Cette campagne régionaliste était le fondement des agitations sociales qui ont débuté en avril 2016 aux îles Kerkennah et qui ont pris en otage la société Petrofac qui exploitait le gaz sur cette île. Elles étaient menées par des repris de justice, des délinquants soutenus par des éléments du Front populaire, des salafistes et des syndicalistes tout en bénéficiant du silence complice de tous les autres courants politiques sans exception et de l’appui de certains médias . Enfin, un accord a été signé dans la précipitation par le gouvernement Chahed le vendredi 23 septembre 2016 avec ce ramassis de voyous dont, les exigences ont été satisfaites, et la production du gaz a repris après des mois d’interruption. C’était le fâcheux précédent de la démission de l’Etat devant la loi des clochards.

Ainsi, tous les signaux ont-t-ils été lancés pour attiser des frondes régionalistes qui couvaient et qui ont trouvé à Tataouine un terrain de prédilection. Kharijites, contrebandiers, voyous de tous acabits, mercenaires, des déçus du système ainsi que des partis politiques et des députés véreux et sans scrupules, étaient tous volontaires pour semer le désordre et défier l’Etat dans cette région.

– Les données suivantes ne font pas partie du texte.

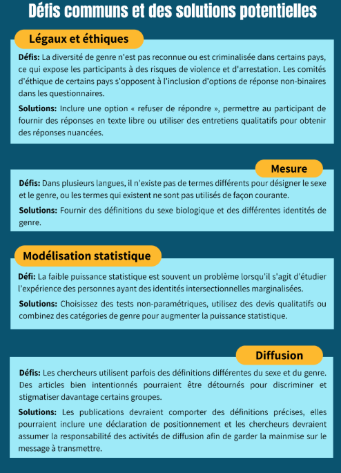 Cette infographie, disponible en 13 langues, présente les principaux défis et enjeux liés à l’intégration du sexe et du genre dans les études internationales sur le stress traumatique. Elle vise à susciter une réflexion critique, à stimuler le dialogue et à encourager le développement d’approches créatives et culturellement sensibles pour mesurer le sexe et le genre dans différents pays.

Un simple regard sur la logistique déployée lors du sit-in d’el Kamour de 2017 et celui de 2020, et l’ampleur des manifestations dans les rues de Tataouine qui n’ont pas eu leur pareil du 17 décembre 2010 au 14 janvier 2011, démontre que les agitateurs étaient généreusement financés d’une manière directe ou indirecte par les barons de la contrebande, et des parties étrangères qui ont des convoitises en Tunisie dont la Turquie et le Qatar. Certains ont soutenu que :« Ce mouvement est une machination fomentée de l’intérieur du pays et vise à affaiblir l’Etat et surtout son système sécuritaire dans le but de permettre le positionnement des groupes terroristes en préparation à des attaques d’ampleur ». Mais il y a aussi la volonté des barons de la contre bande de faire du Sud tunisien leur chasse gardée pour agir en toute impunité d’une part et les voyous du comité de coordination du Kamour qui aspirent s’installer en cartel mafieux contrôlant les affaires locales, d’autre part. .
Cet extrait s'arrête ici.